◆ GIVEN DATA ◆
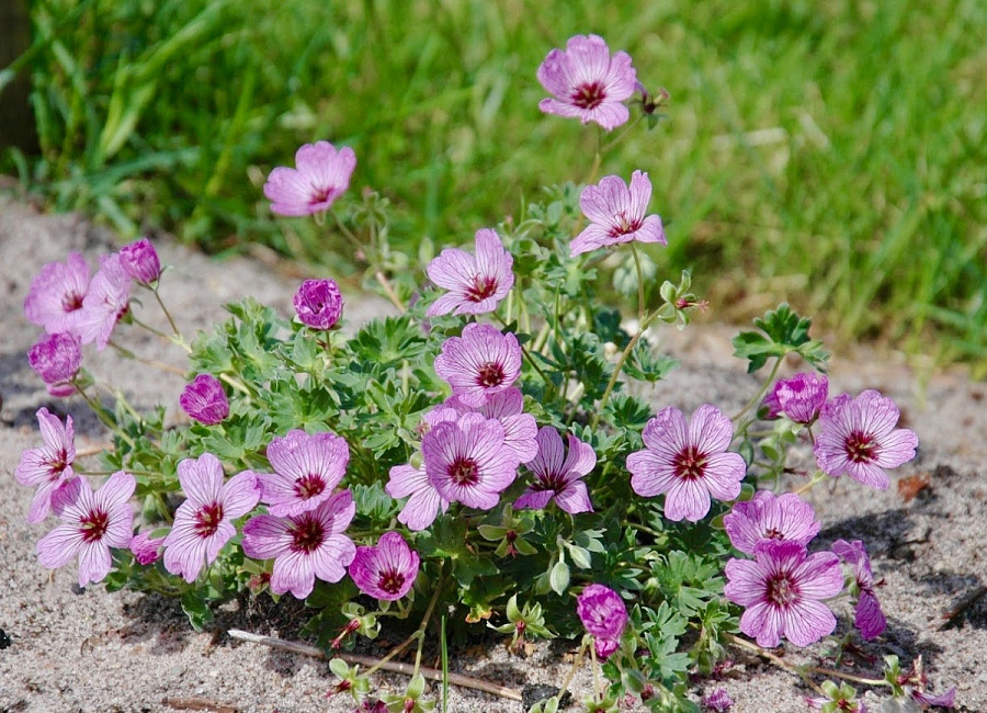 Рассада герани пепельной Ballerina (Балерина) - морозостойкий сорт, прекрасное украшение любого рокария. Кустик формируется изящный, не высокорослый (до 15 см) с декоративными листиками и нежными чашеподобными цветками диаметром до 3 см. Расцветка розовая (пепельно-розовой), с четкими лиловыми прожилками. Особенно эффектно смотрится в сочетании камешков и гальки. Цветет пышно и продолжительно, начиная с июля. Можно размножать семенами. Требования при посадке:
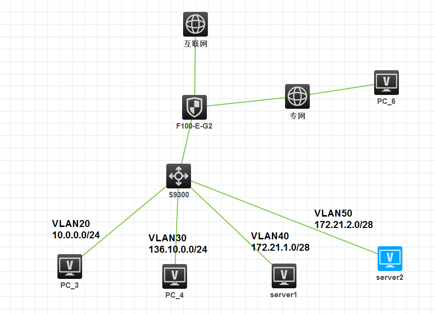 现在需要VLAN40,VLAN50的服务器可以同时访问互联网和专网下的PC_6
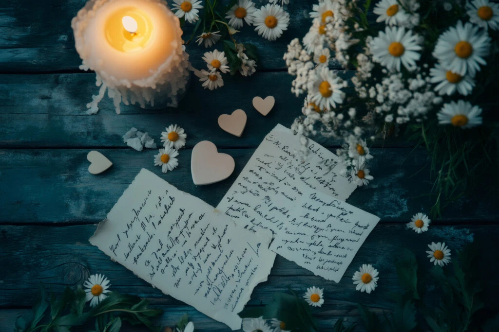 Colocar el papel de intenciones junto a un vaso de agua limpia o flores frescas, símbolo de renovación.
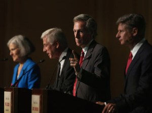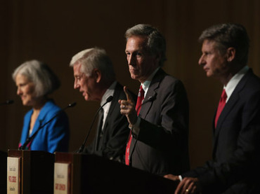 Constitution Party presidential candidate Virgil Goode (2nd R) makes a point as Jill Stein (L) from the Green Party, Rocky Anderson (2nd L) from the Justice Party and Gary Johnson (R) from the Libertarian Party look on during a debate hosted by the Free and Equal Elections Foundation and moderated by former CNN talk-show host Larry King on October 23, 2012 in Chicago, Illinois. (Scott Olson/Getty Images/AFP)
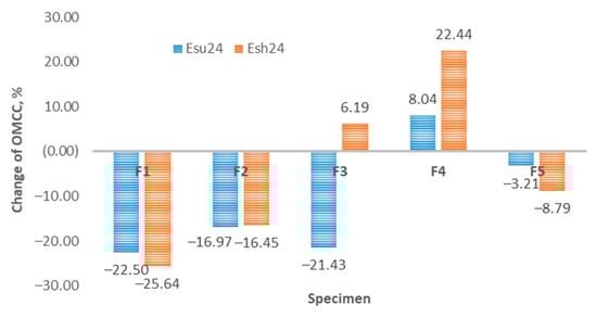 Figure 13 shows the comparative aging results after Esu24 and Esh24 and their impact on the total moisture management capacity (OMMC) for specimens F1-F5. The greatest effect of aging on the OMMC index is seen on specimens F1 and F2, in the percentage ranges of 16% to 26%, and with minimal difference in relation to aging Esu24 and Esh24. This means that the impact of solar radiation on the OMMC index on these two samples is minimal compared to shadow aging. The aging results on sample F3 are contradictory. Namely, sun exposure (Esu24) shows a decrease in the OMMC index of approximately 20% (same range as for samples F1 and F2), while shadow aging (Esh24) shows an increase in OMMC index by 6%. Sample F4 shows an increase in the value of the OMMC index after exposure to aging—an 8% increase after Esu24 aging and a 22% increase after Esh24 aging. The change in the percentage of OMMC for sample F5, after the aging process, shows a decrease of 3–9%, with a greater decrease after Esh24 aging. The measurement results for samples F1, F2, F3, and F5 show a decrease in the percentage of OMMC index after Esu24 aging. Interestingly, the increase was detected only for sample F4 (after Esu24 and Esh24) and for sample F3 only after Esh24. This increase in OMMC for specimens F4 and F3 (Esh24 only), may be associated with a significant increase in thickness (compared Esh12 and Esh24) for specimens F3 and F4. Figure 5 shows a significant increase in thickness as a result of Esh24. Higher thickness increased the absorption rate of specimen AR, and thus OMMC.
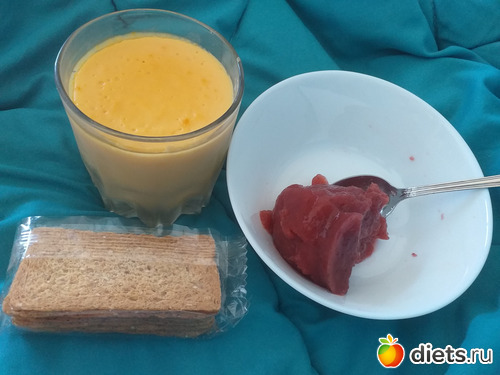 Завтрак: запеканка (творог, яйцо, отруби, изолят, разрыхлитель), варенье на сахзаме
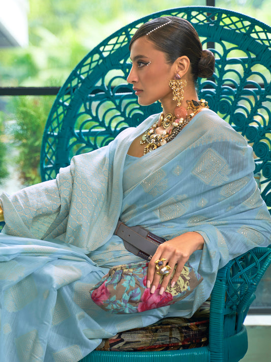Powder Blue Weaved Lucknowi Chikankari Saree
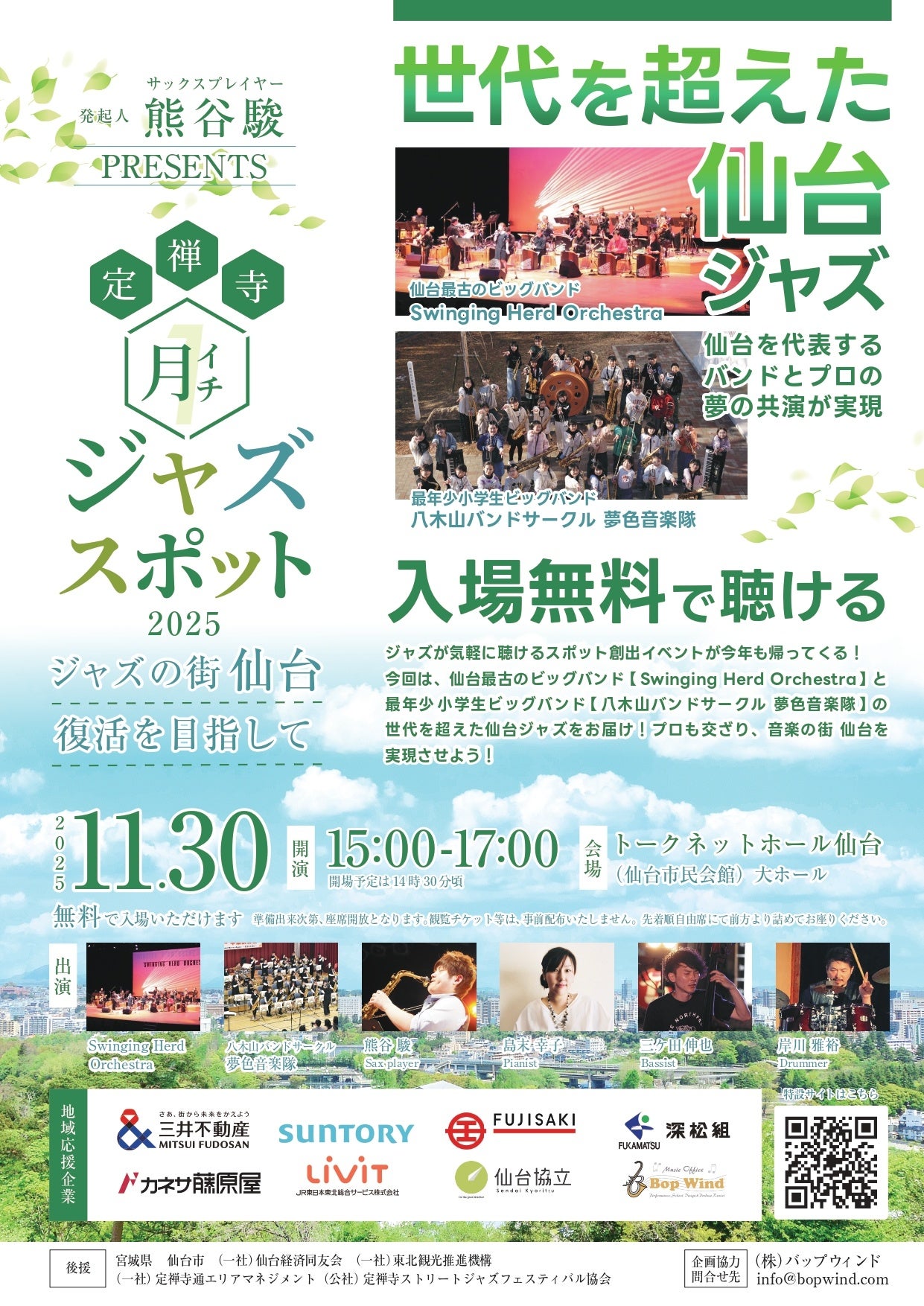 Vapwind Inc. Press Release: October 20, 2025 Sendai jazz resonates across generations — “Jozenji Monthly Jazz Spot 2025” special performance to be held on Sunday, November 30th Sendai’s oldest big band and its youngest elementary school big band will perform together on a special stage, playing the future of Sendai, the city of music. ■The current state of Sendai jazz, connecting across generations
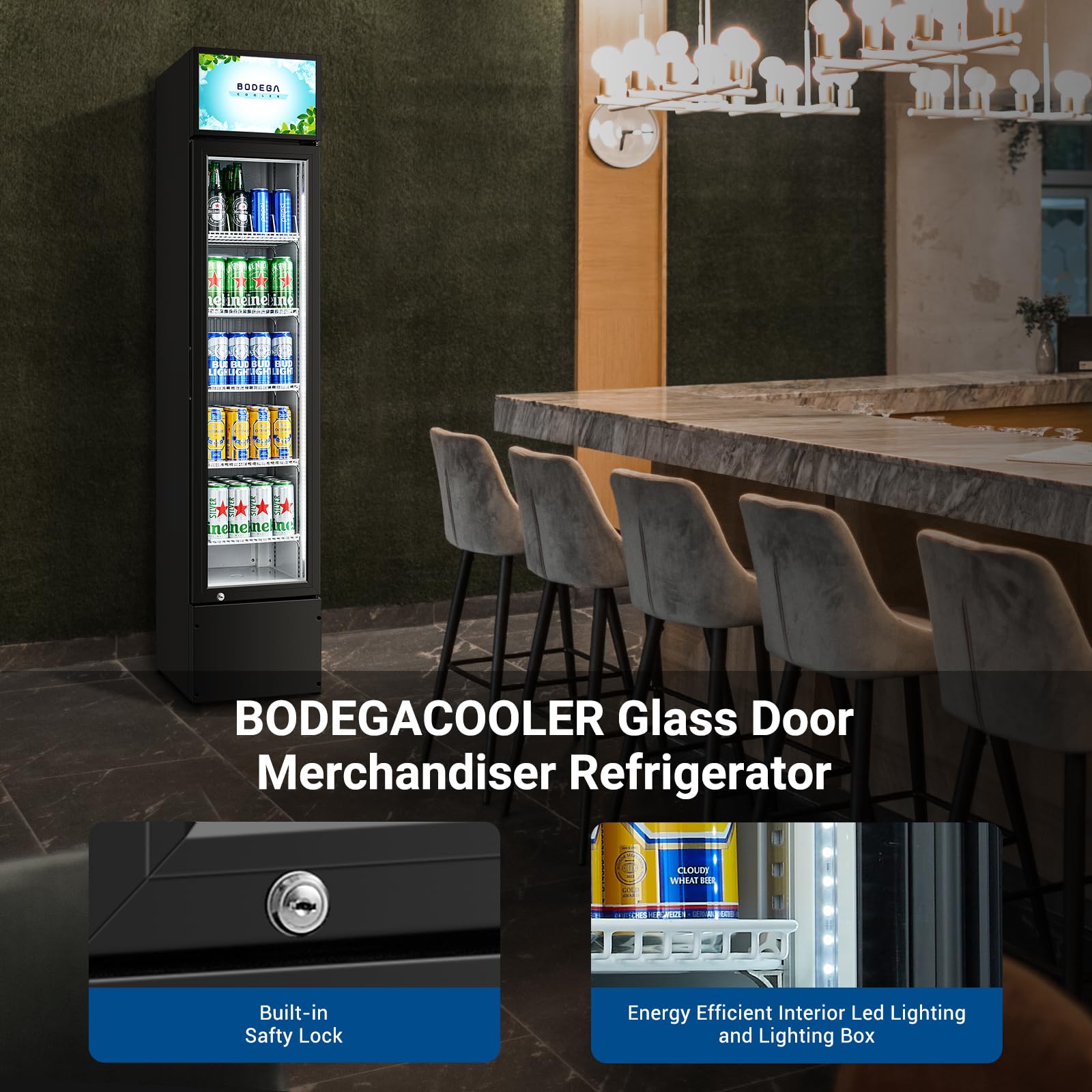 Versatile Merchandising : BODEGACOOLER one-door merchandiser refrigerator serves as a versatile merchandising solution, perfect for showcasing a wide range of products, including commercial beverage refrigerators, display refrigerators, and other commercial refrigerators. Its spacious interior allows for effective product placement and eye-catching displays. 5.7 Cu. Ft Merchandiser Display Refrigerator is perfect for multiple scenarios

◆ TASK TO COMPLETE ◆
Wherever an image appears, omit it; copy the rest of the records exactly.

◆ ANSWER TO THIS EXERCISE ◆
 Рассада герани пепельной Ballerina (Балерина) - морозостойкий сорт, прекрасное украшение любого рокария. Кустик формируется изящный, не высокорослый (до 15 см) с декоративными листиками и нежными чашеподобными цветками диаметром до 3 см. Расцветка розовая (пепельно-розовой), с четкими лиловыми прожилками. Особенно эффектно смотрится в сочетании камешков и гальки. Цветет пышно и продолжительно, начиная с июля. Можно размножать семенами. Требования при посадке:
 现在需要VLAN40,VLAN50的服务器可以同时访问互联网和专网下的PC_6
 Colocar el papel de intenciones junto a un vaso de agua limpia o flores frescas, símbolo de renovación.
 Constitution Party presidential candidate Virgil Goode (2nd R) makes a point as Jill Stein (L) from the Green Party, Rocky Anderson (2nd L) from the Justice Party and Gary Johnson (R) from the Libertarian Party look on during a debate hosted by the Free and Equal Elections Foundation and moderated by former CNN talk-show host Larry King on October 23, 2012 in Chicago, Illinois. (Scott Olson/Getty Images/AFP)
 Figure 13 shows the comparative aging results after Esu24 and Esh24 and their impact on the total moisture management capacity (OMMC) for specimens F1-F5. The greatest effect of aging on the OMMC index is seen on specimens F1 and F2, in the percentage ranges of 16% to 26%, and with minimal difference in relation to aging Esu24 and Esh24. This means that the impact of solar radiation on the OMMC index on these two samples is minimal compared to shadow aging. The aging results on sample F3 are contradictory. Namely, sun exposure (Esu24) shows a decrease in the OMMC index of approximately 20% (same range as for samples F1 and F2), while shadow aging (Esh24) shows an increase in OMMC index by 6%. Sample F4 shows an increase in the value of the OMMC index after exposure to aging—an 8% increase after Esu24 aging and a 22% increase after Esh24 aging. The change in the percentage of OMMC for sample F5, after the aging process, shows a decrease of 3–9%, with a greater decrease after Esh24 aging. The measurement results for samples F1, F2, F3, and F5 show a decrease in the percentage of OMMC index after Esu24 aging. Interestingly, the increase was detected only for sample F4 (after Esu24 and Esh24) and for sample F3 only after Esh24. This increase in OMMC for specimens F4 and F3 (Esh24 only), may be associated with a significant increase in thickness (compared Esh12 and Esh24) for specimens F3 and F4. Figure 5 shows a significant increase in thickness as a result of Esh24. Higher thickness increased the absorption rate of specimen AR, and thus OMMC.
 Завтрак: запеканка (творог, яйцо, отруби, изолят, разрыхлитель), варенье на сахзаме
Powder Blue Weaved Lucknowi Chikankari Saree
 Vapwind Inc. Press Release: October 20, 2025 Sendai jazz resonates across generations — “Jozenji Monthly Jazz Spot 2025” special performance to be held on Sunday, November 30th Sendai’s oldest big band and its youngest elementary school big band will perform together on a special stage, playing the future of Sendai, the city of music. ■The current state of Sendai jazz, connecting across generations
 Versatile Merchandising : BODEGACOOLER one-door merchandiser refrigerator serves as a versatile merchandising solution, perfect for showcasing a wide range of products, including commercial beverage refrigerators, display refrigerators, and other commercial refrigerators. Its spacious interior allows for effective product placement and eye-catching displays. 5.7 Cu. Ft Merchandiser Display Refrigerator is perfect for multiple scenarios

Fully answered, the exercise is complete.